One of the original members of the union, Reg Cooper, later Mayor and city clerk of the municipality, recalled in an interview with the Expositor that local workers were very much influenced the success of the GM strike, particularly in combination with local grievances.
He described the fragility of an almost nonexistent job security in which men with as much as fifty years tenure could be laid off without warning or preparation. In the mid-thirties, wages were cut at the Carriage Works by forty cents an hour. There was no pay for overtime.
The founding nucleus of Local 397, struggled to overcome minority status within their places of employment, meagre funds, token recognition from management and a resulting and predictable diminished interest amongst waning members. In November 1938, President Cameron Jacques, reluctantly surrendered the charter to the UAW regional director, George Burt, Millards successor, who, in a rare show of good faith, kept the charter in his desk, rather than return it to Detroit as he had been instructed. Four years later, the charter was returned to the Local, whose centre of organization was still the Brantford Carriage Works newly named, The Brantford Coach and Body.
The UAW sent a representative, Robert Stacey, who began to organize other local plants in earnest of a successful membership drive, He eventually signed up members of Canada Car and foundry, Robbins and Myers and as many as twenty-five others.
The second UAW local in Brantford, 458, developed from the Markets St. plant of Massey-Harris Co. and the Mohawk St. plant of Cockshutt Farm Equipment. The UAW represented a dynamic departure in labour tradition for the two plants whose "union" were financed by the company and whose functions were primarily as listening posts and petty complaint boxes. Local 458 launched a major membership drive within the two plants on the heels of the expulsion of the "company union" in 1943. Massey-Harris was the first of the two plants to sign up. In fact, Cockshutt workers voted to reject the UAW in a meeting held on May 20, 1943, preferring to adhere to the company union until it was banned later on in the year through provincial legislation.

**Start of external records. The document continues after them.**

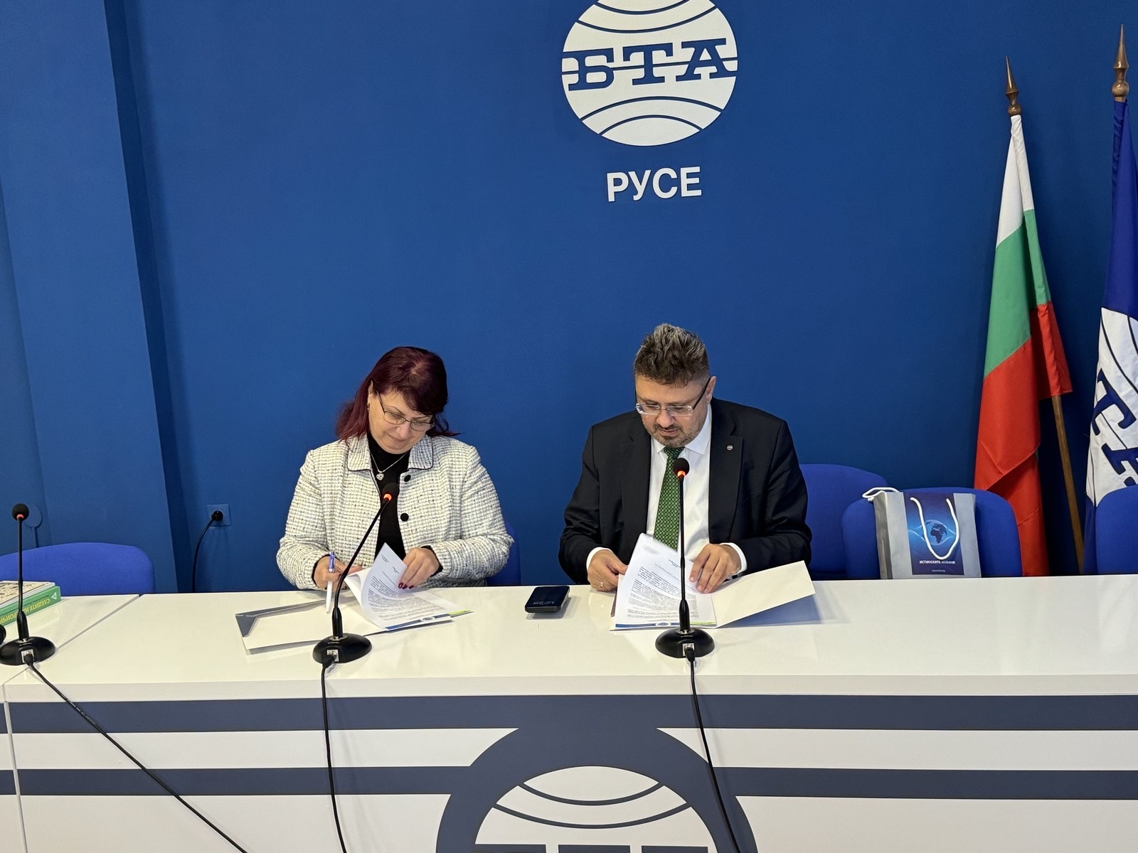 Today, December 17th , 2025, the Rector of the University of Ruse, Assoc. Prof. Desislava Atanasova, PhD and the Director General of BTA, Kiril Valchev, signed an additional agreement to continue using the premises of the Agency's press club in Taraclia, Republic of Moldova.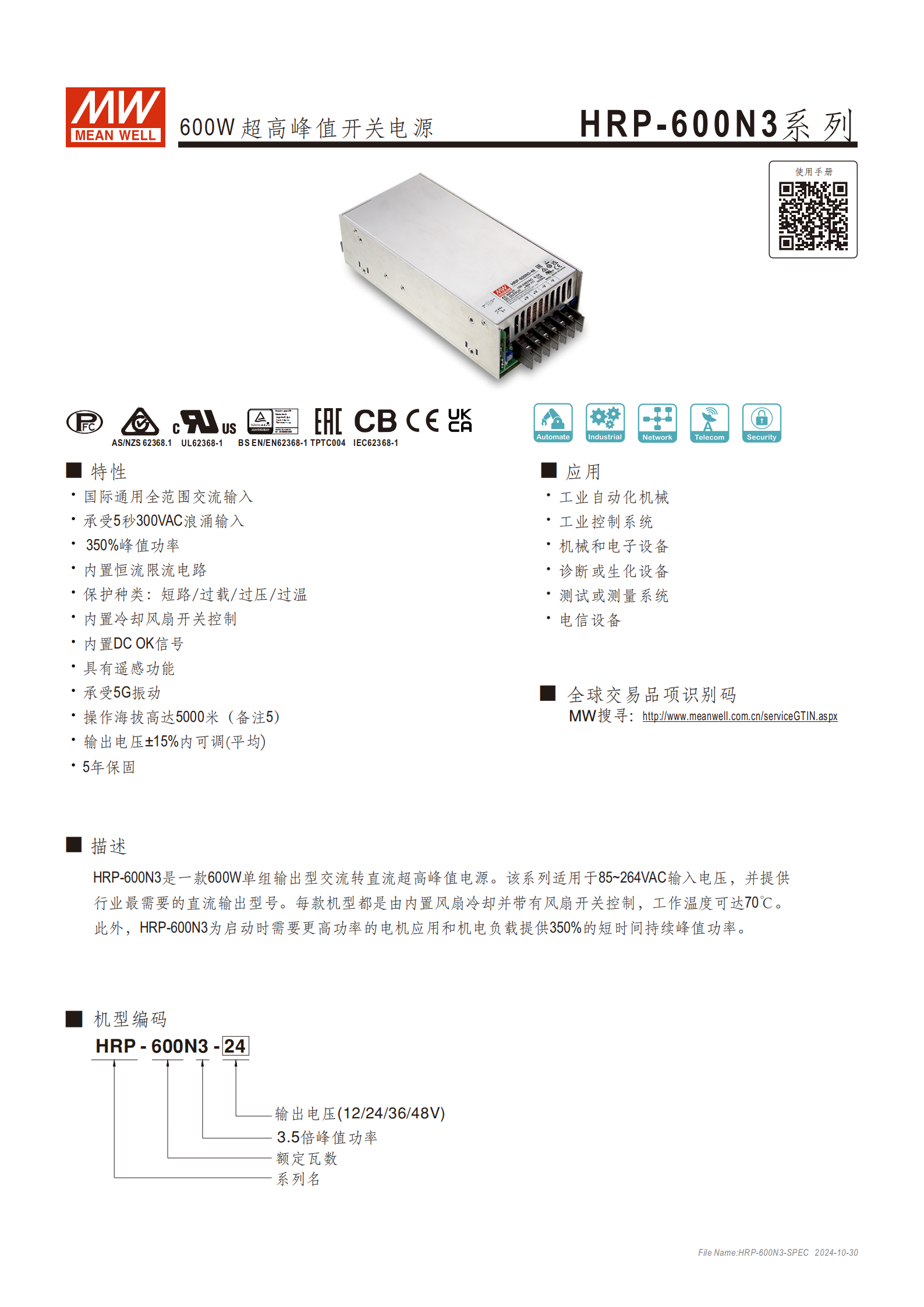 HRP-600N3 系列是一款600W 單組輸出超高峰值開關電源,支持85~264VAC 全范圍交流輸入,提供 12V/24V/36V/48V 四種直流輸出型號,具備350% 峰值功率(適配電機等啟動高功率需求場景),內(nèi)置恒流限流、短路 / 過載 / 過壓 / 過溫等多重保護,支持風扇控制、DC OK 信號、遙感功能,工作溫度范圍 **-40~+70℃,操作海拔高達5000 米 **,通過多項國際安全認證,享有5 年保固,廣泛應用于工業(yè)自動化、測試測量系統(tǒng)等領域。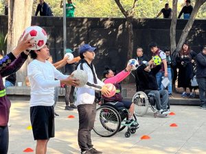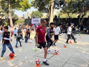 “ El INDEPORTE había estado desarrollando las clases en las Alcaldías y Pilares nos va a corresponder y preparar estas clases aquí en el Monumento a la Revolución para que a fines de febrero, podamos romper el récord Guinness de la clase más grande de fútbol. La idea es que aquí se venga a entrenar. También estamos siendo muy inclusivos, personas amputadas, en silla de ruedas, sordos y ciegos van a también participar muchas niñas y niños y también estuvieron señoras que nunca habían hecho fútbol y que están ya practicando. Vamos a tener grabada la clase para que se pueda practicar”

On August 10, Local 458 was officially chartered by the uaw. The Coach and Body was among the first plants to implement the recommendations of the Rand report which provided that all members of the bargaining unit, union and non-union must have dues deducted from their pay cheques, and the amount turned over to the union. Within ten years, both locals had achieved prominent status within the community, despite the negative catcalls of the press and the reluctance of the local industrial establishment to welcome them with open arms. The UAW was able to make significant gains and won contract benefits that made their plants the envy of the other Brantford factories.
Trailmobile, a member of 397, had a cost of living clause introduced into their contract in the 1950's. Members of Local 458 at Massey and Cockshutt's had a company guarantee to pay supplemental unemployment benefits to laid off workers. The unions also introduced health benefits and insurance policies into their negotiations during the fifties. In the sixties the emphasis was on the inclusion of drug plans and seniority clauses.
The significance of the solidification of the modern industrial trade union in Brantford, as in all of North America, lies in its measurable alteration on the status of the union as equal to the giant corporation. The working man and woman found their most powerful ally in the development of industrial unionism.